DevSecOps, Cloud Security

42Crunch-Cisco collaboration to focus on API security

A visitor tries out a tablet next to a cloud computing symbol at the 2013 CeBIT technology trade fair on March 5, 2013, in Hanover, Germany. Today’s columnist, Josh Stella of Snyk, lays out five fundamentals of cloud security.
(Photo by Sean Gallup/Getty Images)

42Crunch kicked off KubeCon in San Francisco on Monday by announcing a collaboration with Cisco to offer the developer community APIClarity, a new API visibility and security tool that promises to help enterprises fortify their cloud protection.
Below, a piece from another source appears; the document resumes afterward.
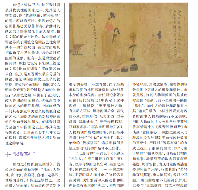 形神论思想起初是一个哲学概念,先秦时期已在诸子讨论范畴。魏晋六朝时期, 中国古代文学艺术步入自觉发展的时代,文学、艺术开始有了独立的审美价值,艺术 创作渐渐具备了清晰的发展脉络。专业的艺术理论也肇端于这个时期。形神论思想 延伸到文学、艺术领域,与相关理论和作品碰撞融合,在其中继续得到阐发,在新的发 展方式下呈现新的面貌。

APIs have increasingly become a favorite target for hackers seeking to compromise cloud environments with malware such as cryptojacking and ransomware. 42Crunch and Cisco aim to address these threats by advocating a “shift-left” approach to API security and discovery that empowers developers to code protection into the API build process.

The two companies believe there’s a real need for this in the marketplace, pointing to a recent study by IBM which found that two-thirds of cloud breaches are attributed to misconfigured APIs.

Ideally, organizations should be proactive with security — rather than reactive — and the same holds true for API security, said Ryan Kennedy, application security consultant at nVisium.

“Leveraging existing standards such as OpenAPI to enforce best practices early on in the API design process will empower developers to secure APIs — without introducing too much friction in the development process,” Kennedy said. “In principle, security issues and misconfigurations should be addressed and caught early on — where both the time and technical costs to remediate issues is less than later on in the API design lifecycle.”

Frank Dickson, vice president for security and trust at IDC, added that the cloud benefits organizations because they can entrust the cloud provider to be increasingly responsible for securing applications. IaaS removes the worries of infrastructure, network and virtualization. PaaS manages the operating system, and SaaS secures the application. 

“However, even with SaaS, we always own responsibility for managing identity and date, and the frontline of that protection is the API,” Dickson said. “Organizations are quickly realizing that it's critical to discover, manage and secure APIs because the failure of a single API may bring an organization to its knees.”